§ **Exercise brief**
An acceptable answer contains every record below, unchanged, and no pictures.

§ **Dataset entries**

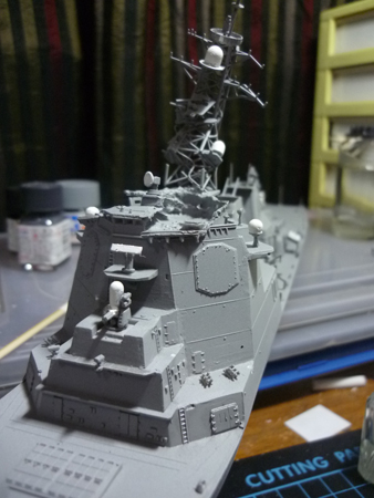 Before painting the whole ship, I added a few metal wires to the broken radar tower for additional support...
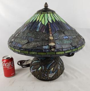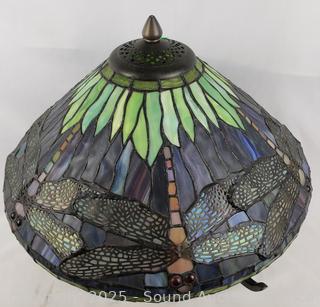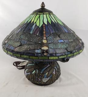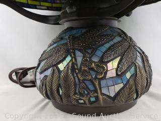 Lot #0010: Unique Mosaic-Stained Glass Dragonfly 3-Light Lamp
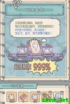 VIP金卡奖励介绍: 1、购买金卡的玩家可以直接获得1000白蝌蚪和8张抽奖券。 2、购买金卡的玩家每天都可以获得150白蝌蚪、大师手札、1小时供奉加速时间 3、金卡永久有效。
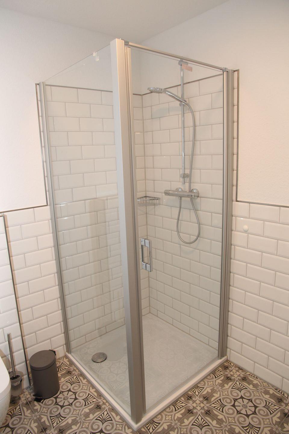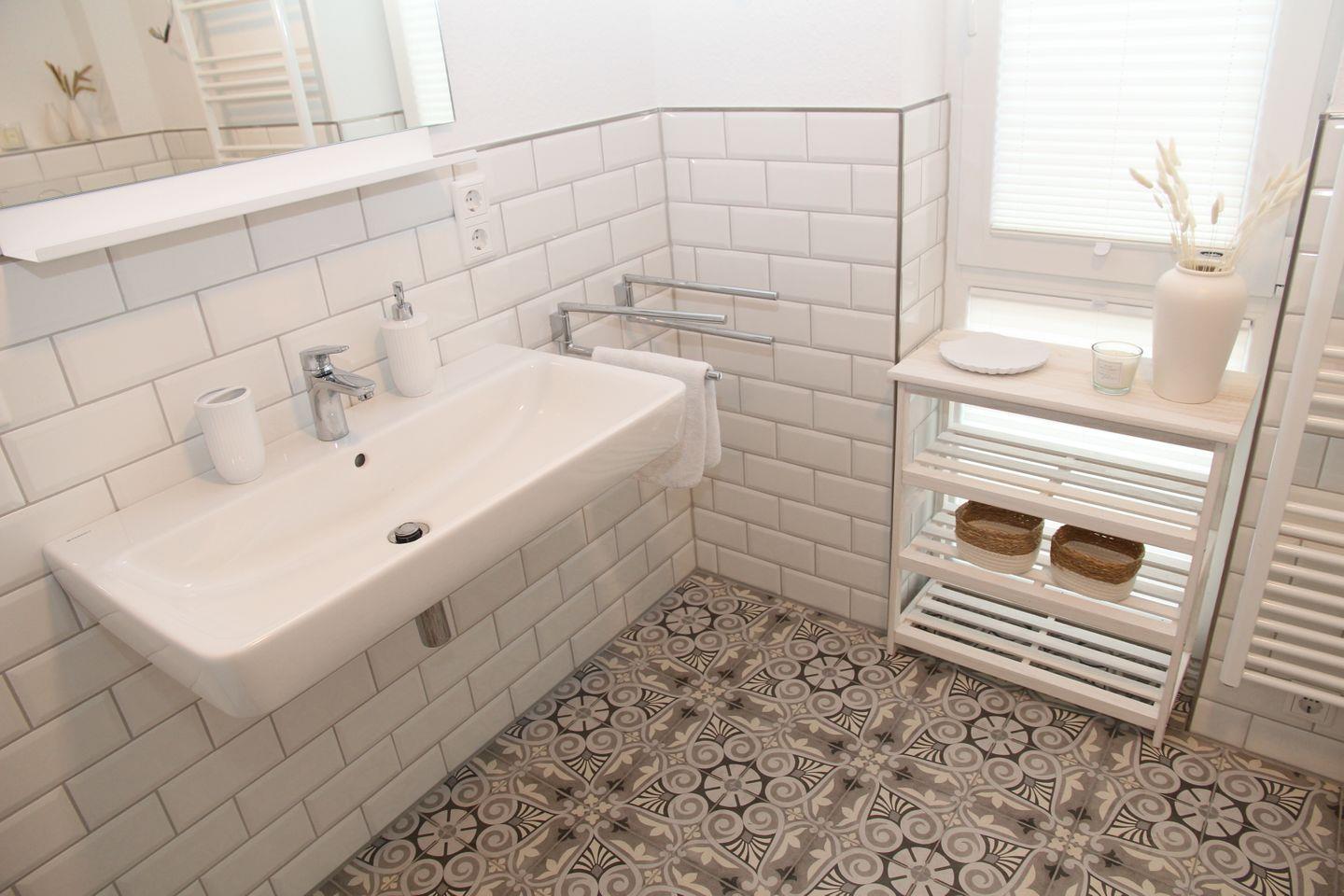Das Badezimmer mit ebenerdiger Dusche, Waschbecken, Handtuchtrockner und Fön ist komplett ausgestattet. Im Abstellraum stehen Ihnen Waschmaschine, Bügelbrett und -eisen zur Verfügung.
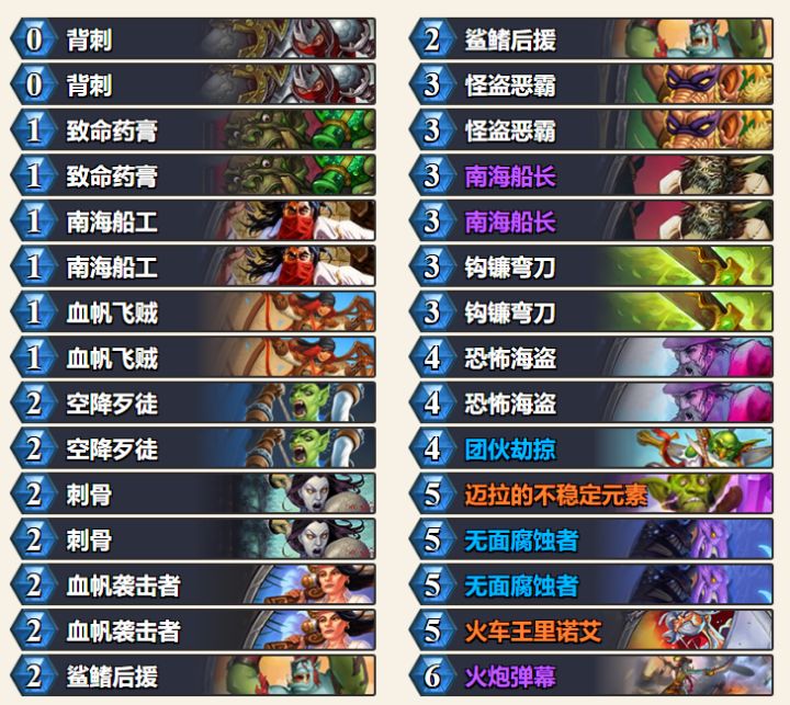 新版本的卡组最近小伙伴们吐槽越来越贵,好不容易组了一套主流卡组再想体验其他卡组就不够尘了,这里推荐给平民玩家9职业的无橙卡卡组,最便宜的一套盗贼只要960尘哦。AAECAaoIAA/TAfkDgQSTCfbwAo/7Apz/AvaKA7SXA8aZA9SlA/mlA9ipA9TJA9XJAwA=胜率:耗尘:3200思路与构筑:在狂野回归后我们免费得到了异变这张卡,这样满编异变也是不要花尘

§ **Output for this task**
 Before painting the whole ship, I added a few metal wires to the broken radar tower for additional support...
 Lot #0010: Unique Mosaic-Stained Glass Dragonfly 3-Light Lamp
 VIP金卡奖励介绍: 1、购买金卡的玩家可以直接获得1000白蝌蚪和8张抽奖券。 2、购买金卡的玩家每天都可以获得150白蝌蚪、大师手札、1小时供奉加速时间 3、金卡永久有效。
Das Badezimmer mit ebenerdiger Dusche, Waschbecken, Handtuchtrockner und Fön ist komplett ausgestattet. Im Abstellraum stehen Ihnen Waschmaschine, Bügelbrett und -eisen zur Verfügung.
 新版本的卡组最近小伙伴们吐槽越来越贵,好不容易组了一套主流卡组再想体验其他卡组就不够尘了,这里推荐给平民玩家9职业的无橙卡卡组,最便宜的一套盗贼只要960尘哦。AAECAaoIAA/TAfkDgQSTCfbwAo/7Apz/AvaKA7SXA8aZA9SlA/mlA9ipA9TJA9XJAwA=胜率:耗尘:3200思路与构筑:在狂野回归后我们免费得到了异变这张卡,这样满编异变也是不要花尘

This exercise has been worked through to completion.